When we set out to build Call Mining, these were the types of questions we wanted to answer, and the product allows advertisers to understand the types of conversations that their customers are having with their business. Coincident with our announcement, I wanted to share a few insights and surprises that came up as we started to trial this product with customers.


Our product data suggests that longer calls aren’t necessarily better calls.
One of the questions we had as we were developing Call Mining was whether or not there would be a strong correlation between the duration of a phone call and the likelihood of a purchase or conversion. In other words, is knowing the average duration of a call “good enough”?


In most cases, the answer is “no”. Generally, when a call is “very short” or “shortish” it indicates that a conversion probably didn’t happen and the call can be chalked up to a wrong number, unqualified lead or a simple question about directions or store hours. However, “longish” or “very long” calls do not indicate a likeliness to convert. Let’s say that you’re calling an insurance company. You provide information about yourself, your driving record and your insurance needs. The price is quoted at the end of the call - which may be the single biggest factor in whether or not you decide to buy!


For most customers, it seems that a longer call means a reservation or appointment or purchase may have happened, but the duration of a call is not a reliable enough indicator upon which an advertiser can base ROAS calculations.

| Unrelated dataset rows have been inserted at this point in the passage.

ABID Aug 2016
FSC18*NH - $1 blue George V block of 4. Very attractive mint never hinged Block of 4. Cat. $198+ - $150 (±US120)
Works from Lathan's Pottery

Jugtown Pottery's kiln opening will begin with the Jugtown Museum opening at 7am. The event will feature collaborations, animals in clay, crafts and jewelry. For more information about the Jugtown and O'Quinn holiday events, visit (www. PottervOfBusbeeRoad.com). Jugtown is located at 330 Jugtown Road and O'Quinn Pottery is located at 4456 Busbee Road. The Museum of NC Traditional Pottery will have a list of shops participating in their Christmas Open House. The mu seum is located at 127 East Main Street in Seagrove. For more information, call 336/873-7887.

Calls Are Not the Same Across Media Channels.
If a consumer sees your advertisement in the newspaper, on their PC, or on their mobile device it can be for very different reasons. Take this customer, who received the following number of calls from two different online marketing sources.


Source #1: 281 Calls
Source #2: 202 Calls


This data allowed us to calculate an effective cost per call for each source. However, these calls also generate additional useful data for this customer. Of particular importance to the customer are the calls where the customer specifically referenced one of several different problems or objections:


Source #1: 91 Calls (32%)
Source #2: 18 Calls (9%)


Our conclusion? For source #1, a much greater percentage of the calls were from existing customers reporting a problem and much less important to a marketer held accountable for new customer sign-ups.


The Magic Word for Payment?
My favorite part of Call Mining is building topics of conversation to understand about a set of calls. Call Mining provides suggestions on topics to build, based on the set of calls and what we know generally about conversations, and each time I use the feature I discover something new.

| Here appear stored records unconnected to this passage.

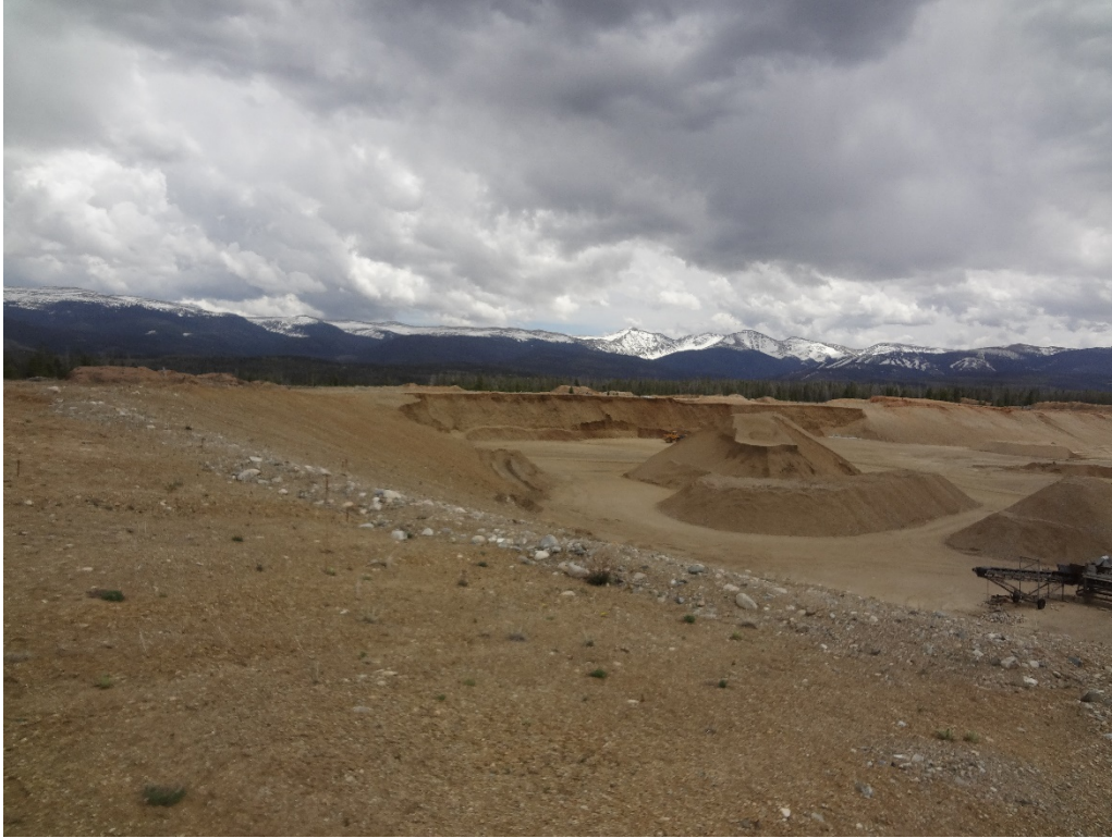
View of site from the north highwall looking southeast at highwall and stockpiles
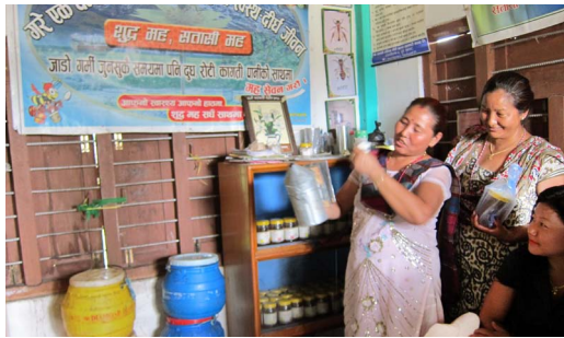
Beneficiaries of Sri Shatasi Mahila Mauri Palan Sahakari Sanstha Ltd displaying their honey products
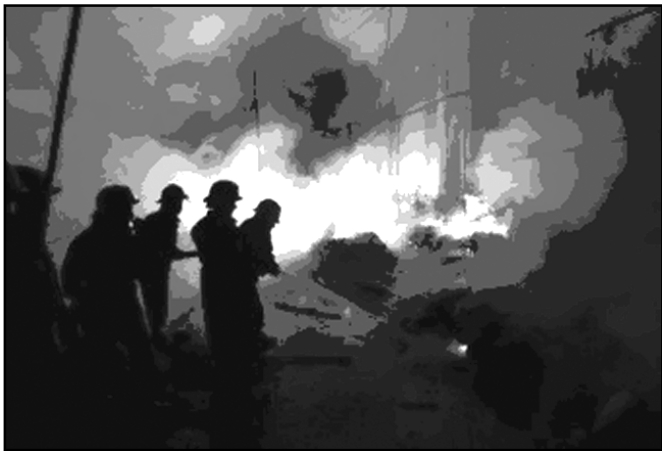
Awfhtb tndvRZg`v` kvcjv` Pzj`

SiUKv Awfhtb Ask` tbqv AvBb-k:Ljv i`q`vKvix ewnbri `Rb` m`m` `ubK BbKj`v`et`j` b, SiUKv Awfhtbi Av`tMB w`c`j` mSL`K` U`K` Avbr` nq| ZvQov` Awfhtbi ci` `z` G`j`vKv cwi`vi Kivi Rb` w`mU` Kt`c`f`i`k`ti` t`j`vKRb`K` At`c`q`vY ivLv` nq| Awfhtbi ciciB` Zivv gwZvSj` G`j`vKv cwi`v`i`i Rb` g`v`V` b`v`gb| cO`w`K`f`v`te Awfhtbi w`w`f`b`e` ai`t`bi Avj`v`G` Ges` nZv`v`Z`i` i`3`I` cwi`vi Kiv` nq| tndvRZKgfiv` Pj` hv`l`q`vi` ci` gwZvSj`i` mo`K` AmsL` KivMR, m`v`Uj` Ges` w`K`O`v`e`im` cto`vKtZ` t`Lv hvq| w`w`f`b`e` `v`b` `e` Kt`i` ivLv` Kiv`R` Av` b`l` Rj`w`Qj`| c`v`o`t`q` t`q`v` c`v`v`U Mw`o`l` t`Lv hvq` mo`K`i` cv`k`| AvBb-k:Ljv ewnbri` m`m`i` t`vKv`Z` mo`K` w`f`v`R`K`i` w`-t`j`i` teov` t`f`i`o` mo`K`i` Ici Avov`Aw`o` Kt`i` t`i`L`w`Qj` tndvRZKgfiv| t`mL`v`b` t`_t`K` BU` L`j`j` I Zivv` UK`v`iv` UK`v`iv` Kt`i` iv`L, hv` c`v`k`i` w`tK` t`O`v`n` nq|
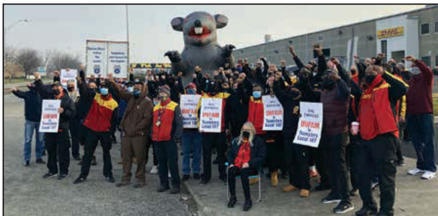
The Teamster "Rat" was on hand to stand in solidarity with Teamster Members at DHL

For example, many phrases can indicate the potential of a purchase over the phone. “Credit card” and “American Express” are two good examples. If you’re evaluating car rentals or reservations at your B&B, “confirmation number” is an important phrase to look for.

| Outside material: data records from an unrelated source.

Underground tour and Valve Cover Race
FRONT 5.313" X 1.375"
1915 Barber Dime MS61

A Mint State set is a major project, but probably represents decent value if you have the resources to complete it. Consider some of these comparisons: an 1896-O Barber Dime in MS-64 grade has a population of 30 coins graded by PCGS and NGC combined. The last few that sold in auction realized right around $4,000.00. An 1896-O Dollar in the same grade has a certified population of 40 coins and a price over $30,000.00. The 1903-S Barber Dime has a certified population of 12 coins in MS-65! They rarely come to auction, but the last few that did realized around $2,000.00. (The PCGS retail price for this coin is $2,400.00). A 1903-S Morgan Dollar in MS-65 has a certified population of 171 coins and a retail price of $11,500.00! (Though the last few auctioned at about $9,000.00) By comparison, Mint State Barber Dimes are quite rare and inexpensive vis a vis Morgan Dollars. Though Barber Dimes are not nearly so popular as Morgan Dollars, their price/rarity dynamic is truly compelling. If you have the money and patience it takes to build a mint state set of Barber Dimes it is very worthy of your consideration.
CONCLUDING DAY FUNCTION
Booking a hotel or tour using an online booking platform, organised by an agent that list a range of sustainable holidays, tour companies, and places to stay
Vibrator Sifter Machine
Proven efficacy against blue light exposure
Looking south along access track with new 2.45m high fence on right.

In most cases, though, there is one word that I’ve found that is a virtual lock to indicate a telephone purchase. The word is “expiration”. In almost every conversation where someone discusses a credit card purchase, the agent asks the caller for the expiration date on his or her card. There is almost no other term or expression that refers to expiration, and there is almost no other context where people frequently use the term expiration in a conversation.


Further Insights.
In the process of building our Call Mining technology, I’ve arrived at the conclusion that conversations between your business and your customer provide the richest and deepest clues into your business, and I expect to be following up with further insights as more customers begin to extract the qualitative conversion data they are looking for. If phone calls are an important part of your business, and you’d like to know more about how your customers are interacting on the phone, please reach out to me at johnb(at)marchex(dot)com.

Comments

Jeremy - Index Web Marketing
Feb 17, 2011
11:53 am

Thanks for sharing these insights John. Could you refer me to more studies on call tracking and call mining? Thanks for your help!